START INFORMATION PROVIDED

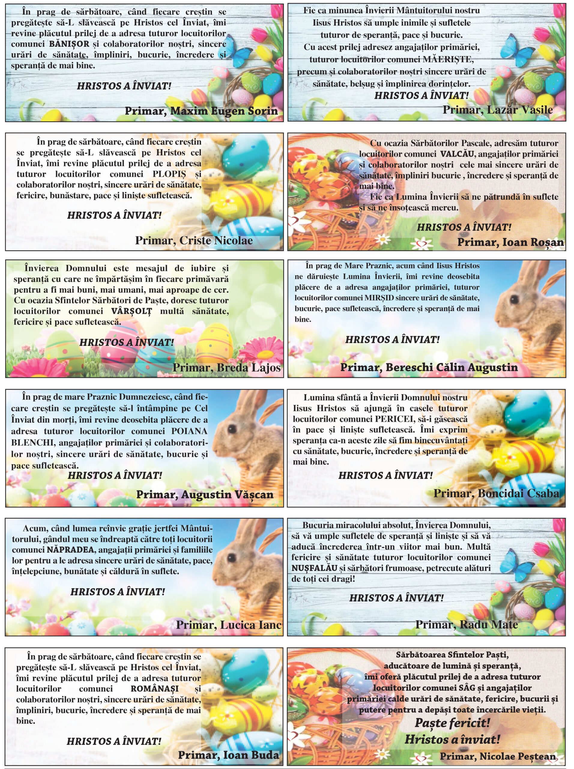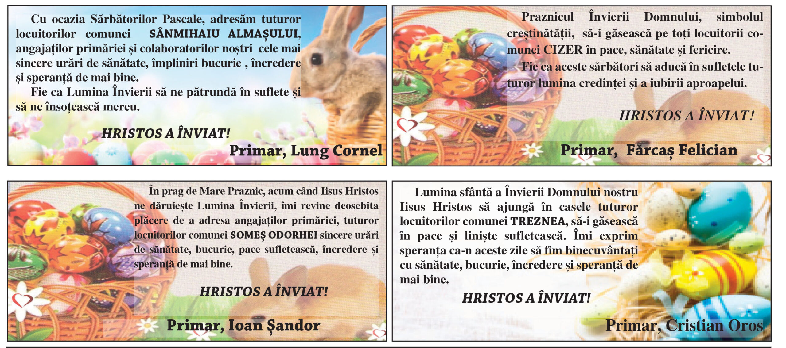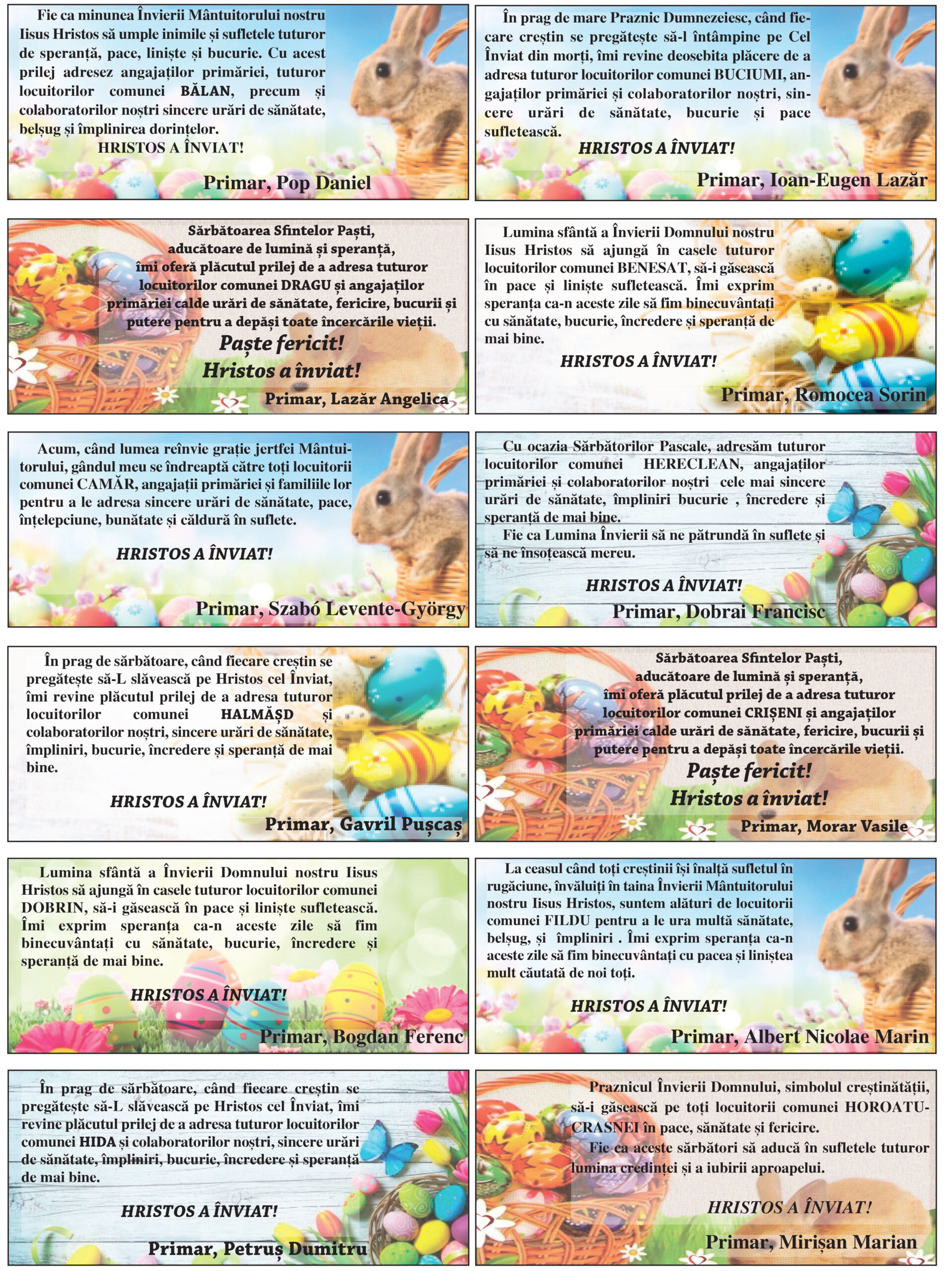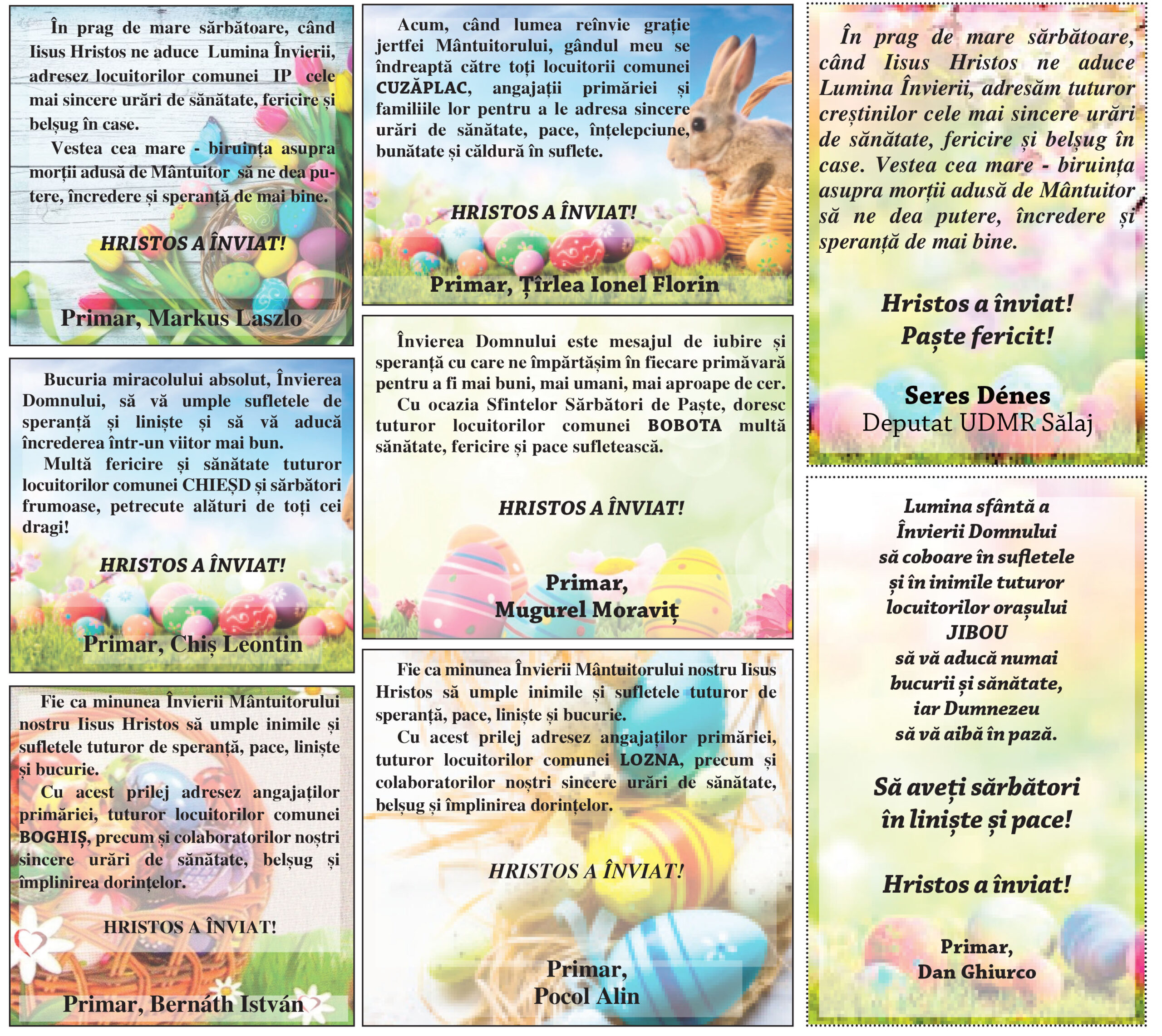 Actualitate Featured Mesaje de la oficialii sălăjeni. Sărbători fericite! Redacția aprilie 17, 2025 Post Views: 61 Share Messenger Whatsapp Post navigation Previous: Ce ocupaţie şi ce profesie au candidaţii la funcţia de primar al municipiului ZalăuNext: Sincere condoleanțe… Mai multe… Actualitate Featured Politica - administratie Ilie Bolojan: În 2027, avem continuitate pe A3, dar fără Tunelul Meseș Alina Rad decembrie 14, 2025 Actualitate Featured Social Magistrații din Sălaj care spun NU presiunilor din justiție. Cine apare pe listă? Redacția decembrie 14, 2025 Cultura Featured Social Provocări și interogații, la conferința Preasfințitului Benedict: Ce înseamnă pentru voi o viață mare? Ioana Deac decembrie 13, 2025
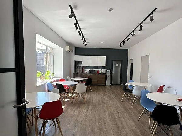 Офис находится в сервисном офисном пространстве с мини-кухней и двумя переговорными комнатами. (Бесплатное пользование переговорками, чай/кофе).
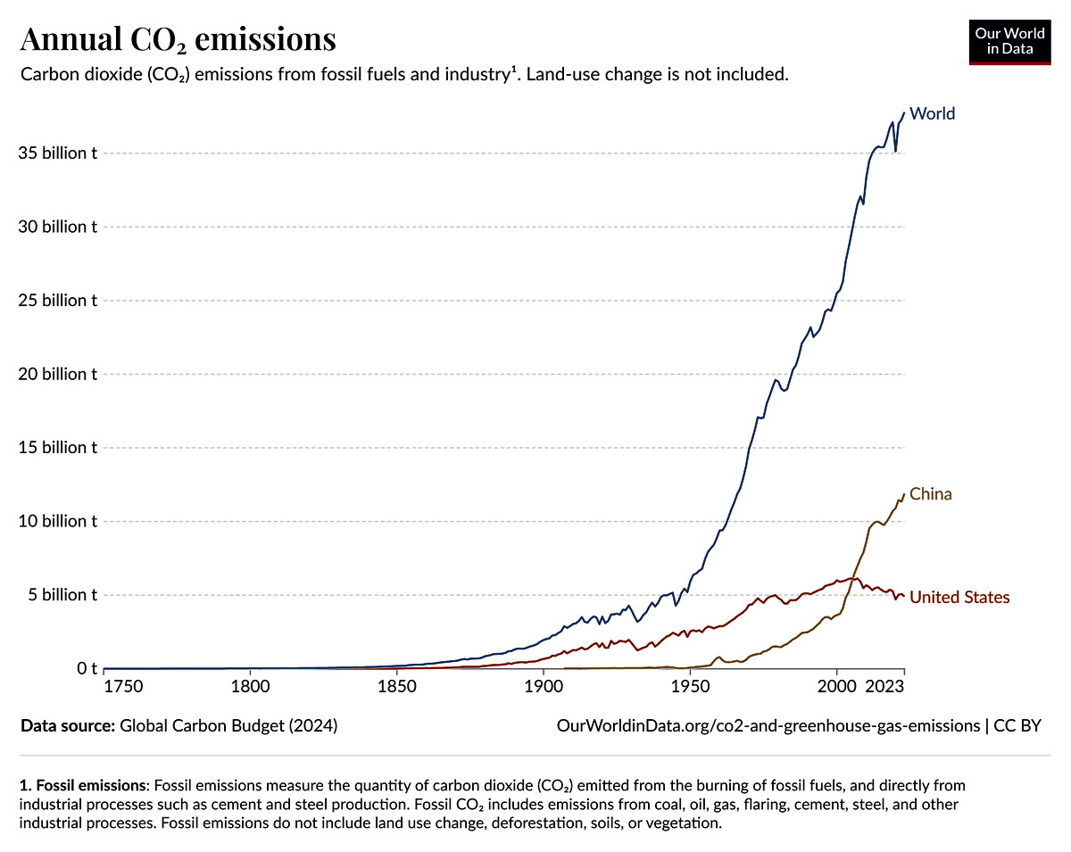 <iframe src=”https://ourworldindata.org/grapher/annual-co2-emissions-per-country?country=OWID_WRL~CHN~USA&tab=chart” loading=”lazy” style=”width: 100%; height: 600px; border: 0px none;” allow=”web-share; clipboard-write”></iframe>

END INFORMATION PROVIDED

TASK STATEMENT
Your copy should match the listing exactly, apart from the pictures it leaves out.

ANSWER FOR THE TASK
 Actualitate Featured Mesaje de la oficialii sălăjeni. Sărbători fericite! Redacția aprilie 17, 2025 Post Views: 61 Share Messenger Whatsapp Post navigation Previous: Ce ocupaţie şi ce profesie au candidaţii la funcţia de primar al municipiului ZalăuNext: Sincere condoleanțe… Mai multe… Actualitate Featured Politica - administratie Ilie Bolojan: În 2027, avem continuitate pe A3, dar fără Tunelul Meseș Alina Rad decembrie 14, 2025 Actualitate Featured Social Magistrații din Sălaj care spun NU presiunilor din justiție. Cine apare pe listă? Redacția decembrie 14, 2025 Cultura Featured Social Provocări și interogații, la conferința Preasfințitului Benedict: Ce înseamnă pentru voi o viață mare? Ioana Deac decembrie 13, 2025
 Офис находится в сервисном офисном пространстве с мини-кухней и двумя переговорными комнатами. (Бесплатное пользование переговорками, чай/кофе).
 <iframe src=”https://ourworldindata.org/grapher/annual-co2-emissions-per-country?country=OWID_WRL~CHN~USA&tab=chart” loading=”lazy” style=”width: 100%; height: 600px; border: 0px none;” allow=”web-share; clipboard-write”></iframe>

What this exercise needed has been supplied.